Homer also noted that as more and more people finish basements and move bathrooms and appliances like washing machines to upper levels of a house, leaks that otherwise would have cost homeowners a few thousand dollars can suddenly multiply by ten times, to say nothing of the dangers of buying into an insurance plan that doesn’t cover everything, or as much, as you need it to.
There’s no real solution to the rise in insurance costs, save for time and the economy. Insurance works in cycles, and Homer explained that we’re currently in a hard market, where claims are high and rates must therefore be higher, and as certain items become too costly for companies to insure, they’ll reduce or remove coverage.
“What happens when you get into these hard markets, there’s nothing we can do about it,” Homer said.

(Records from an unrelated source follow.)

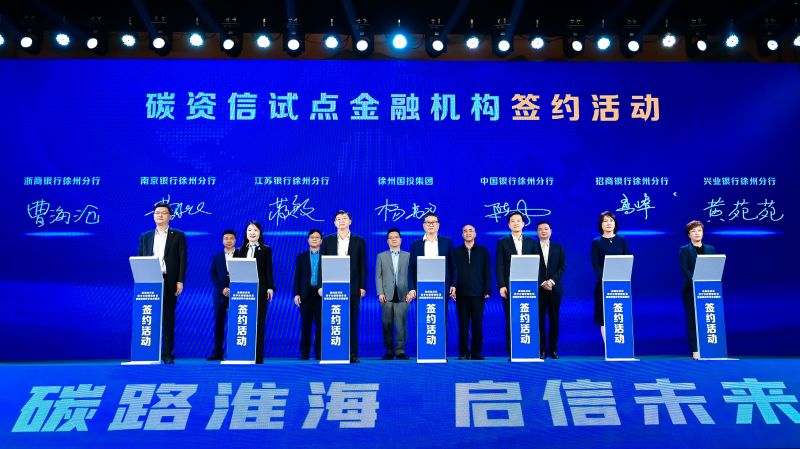 會議發布了《徐州市開展碳資信評價體系建設及金融應用試點實施方案》、數字化碳管理體系建設示范平臺。舉行了碳資信評價(淮海經濟區)服務中心、碳金融(淮海經濟區)創新集聚區、碳管理體系(沛縣)服務中心揭牌儀式。徐州國投集團與徐工機械簽訂了碳管理體系示范企業合作協議,與6家金融機構分別簽訂了碳資信試點建設合作協議。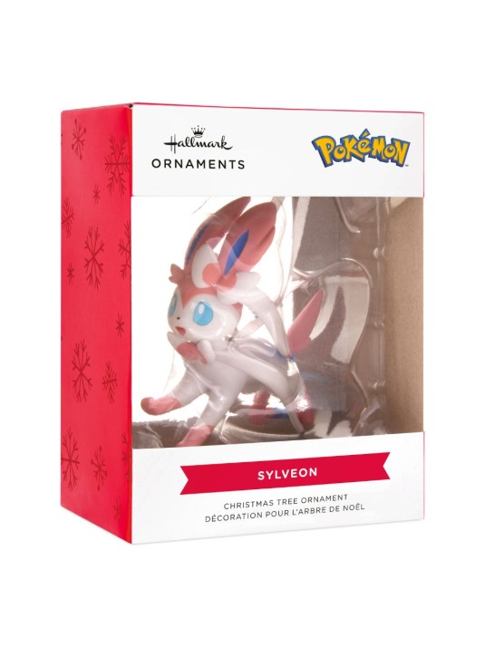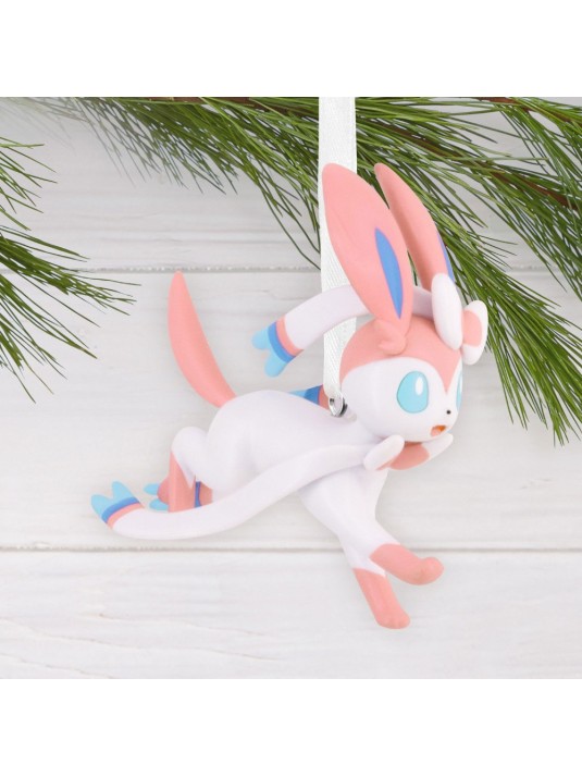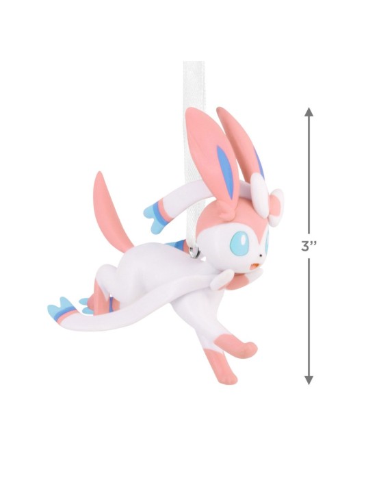 Acknowledge and appreciate the aura of peace emanating from Sylveon with this Christmas tree ornament of the beloved Pokémon who evolves from Eevee and is known for soothing opponents and easing hostility. The fairy-type Pokémon features two bows with ribbon-like feelers, a pale ivory quadrupedal body, light blue eyes, pink feet and tail, and long pink ears with blue centers.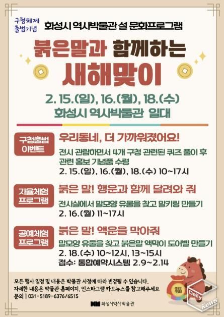 e데일리뉴스 | 화성특례시는 설 연휴 기간인 오는 2월 15일부터 18일까지 화성시 역사박물관에서 ‘붉은 말과 함께하는 새해맞이’ 설날 문화프로그램을 운영한다.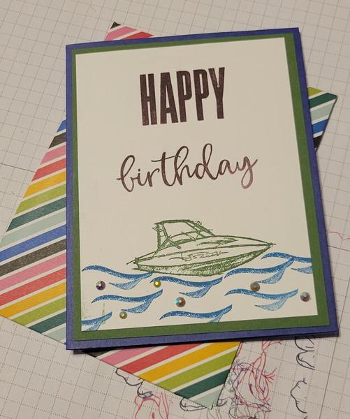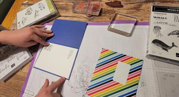 . Oh Hello Autumn! Yes our weather has been wet, windy, sunny and the trees are showing their gorgeous fall colour leaves. We are lucky that we live in an area that doesn't get a lot of snow, and it usually doesn't happen until late December and into January. But we are ready for it. All the outside chores are done in preparation of winter hitting. The trailer is cleaned, drained and it's winter sweater put on. All the garden and lawn stuff is done and we only have more leaves to blow off the driveway. But there is still lots of leaves on the trees, so that will be ongoing for a few weeks now. Our middle Grand Son created a card for a friend this week. He is very creative and I love how the card turned out. See the pictures below. I have been busy prepping for my trip to Vancouver tomorrow to the Stampin' Up! OnStage mini convention. It's the first time we are able to gather in person in 3 years, and I am ready for it! Have a super duper week, and stay tuned to my face book page and VIP group for pictures from the event. I "may" just get my hands on the new Jan to Jun Mini Catalogue too! THE FITTING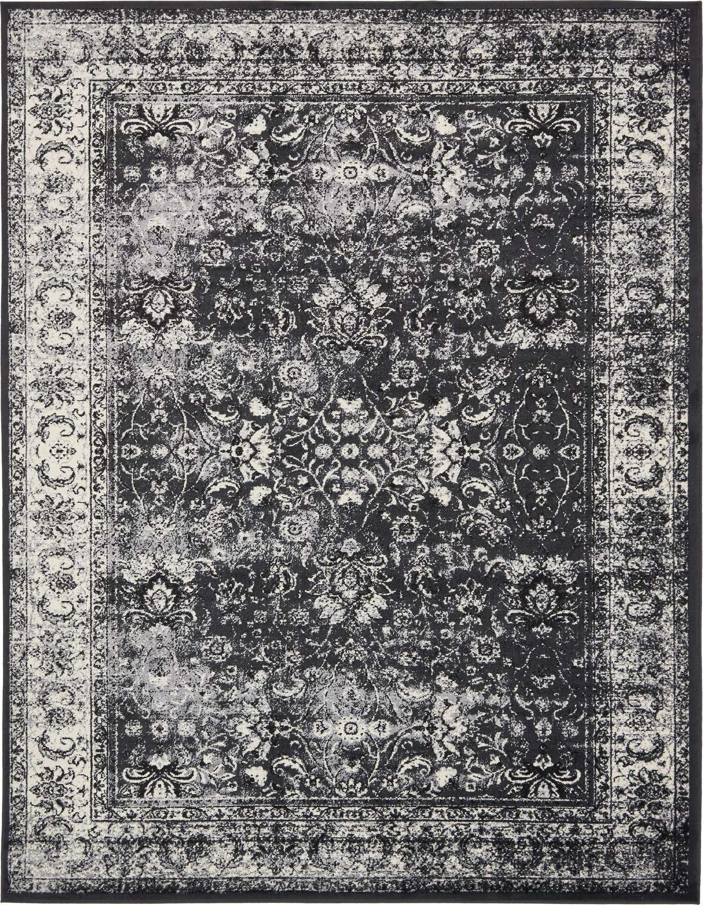 Primary color is Light Gray. Colors in this rug include: Light Gray, Black, Ivory.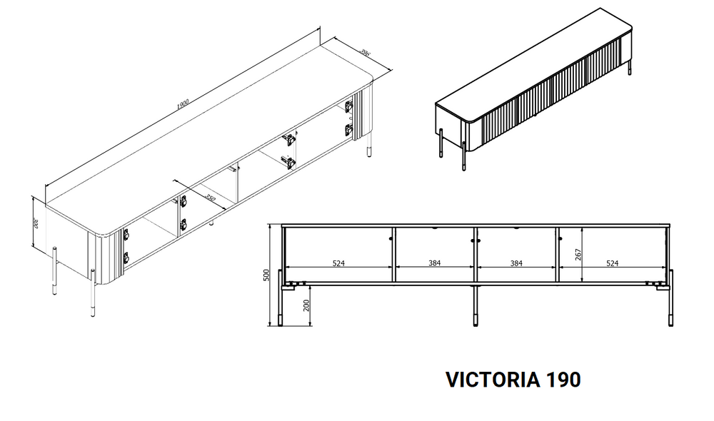 Det sorte VICTORIA tv-skab er et stilfuldt møbel med et moderne twist. Hvis du er en person, der kan lide innovativ styling og ønsker, at dit hjem skal skille sig ud fra andre standardindretninger, er dette møblet for dig. Victoria RTV-skabet er indbegrebet af stil og funktionalitet. Den sorte farve, de afrundede sider og de høje, slanke ben passer perfekt ind i de nyeste indretningstendenser og giver møblet et let og moderne udtryk.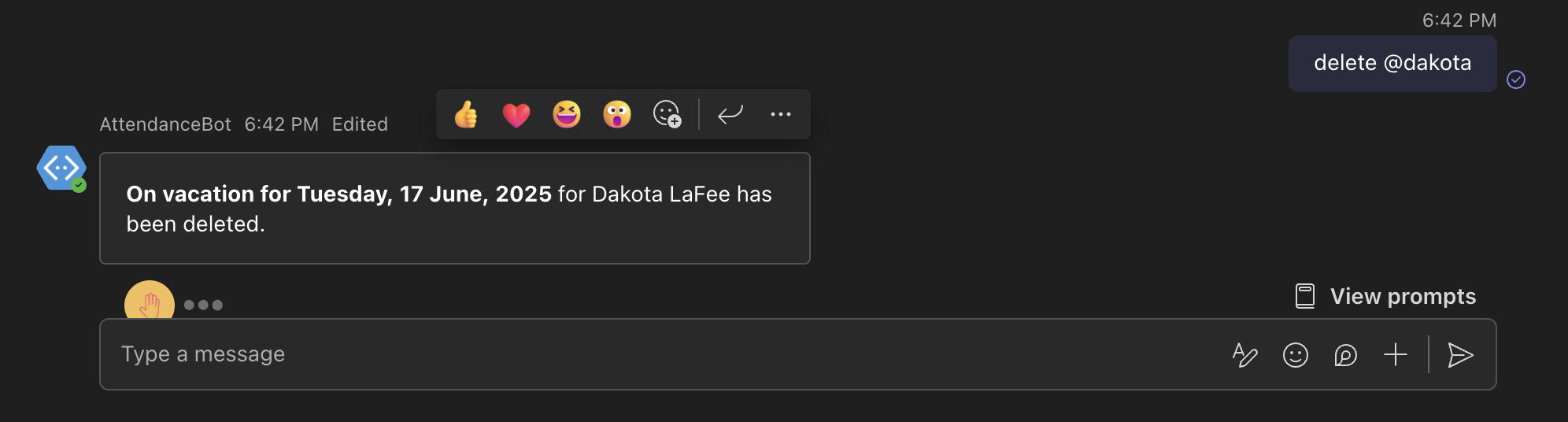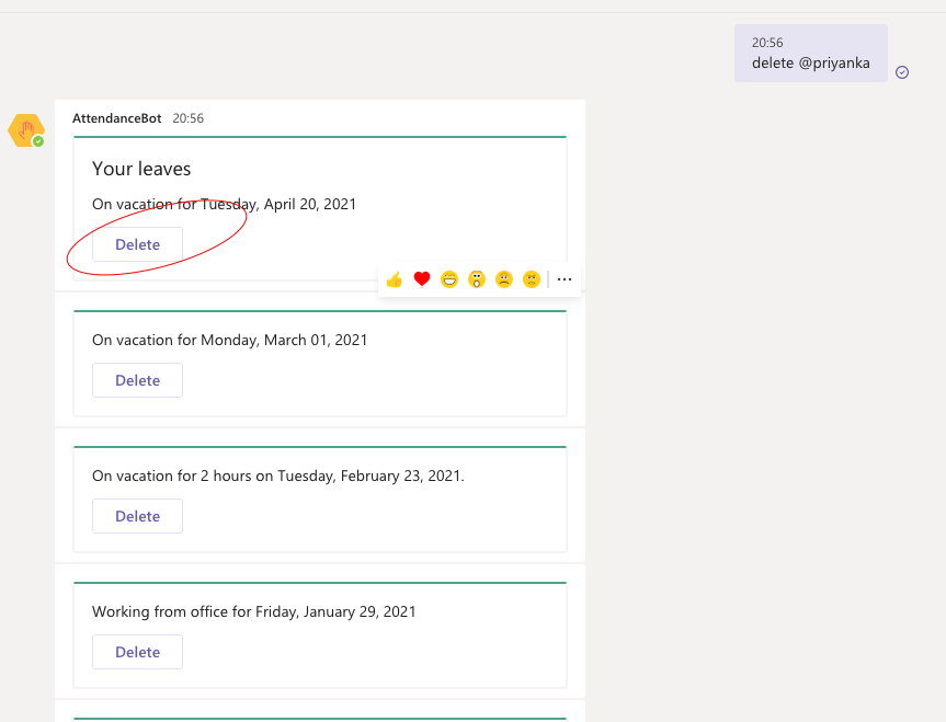 1. To delete a leave applied by a member of your team, please type the command "delete @username" to the AttendanceBot where "@username" is the name of the team member.

“Almost all the companies take a large increase. It really hurts consumers and don’t forget, I own a brokerage but I also buy insurance. I have business insurance and I have a personal policy myself. I don’t want my rates going up 20 percent, but there’s not much you can do when you hit these hard markets. And they last about a year to two years and then it starts to soften.”
“Insurance brokerages are changing, the industry is changing and the reason why things are going up is because the world is changing,” Homer added. “Things are more expensive and there is inflation and there’s no way around it.”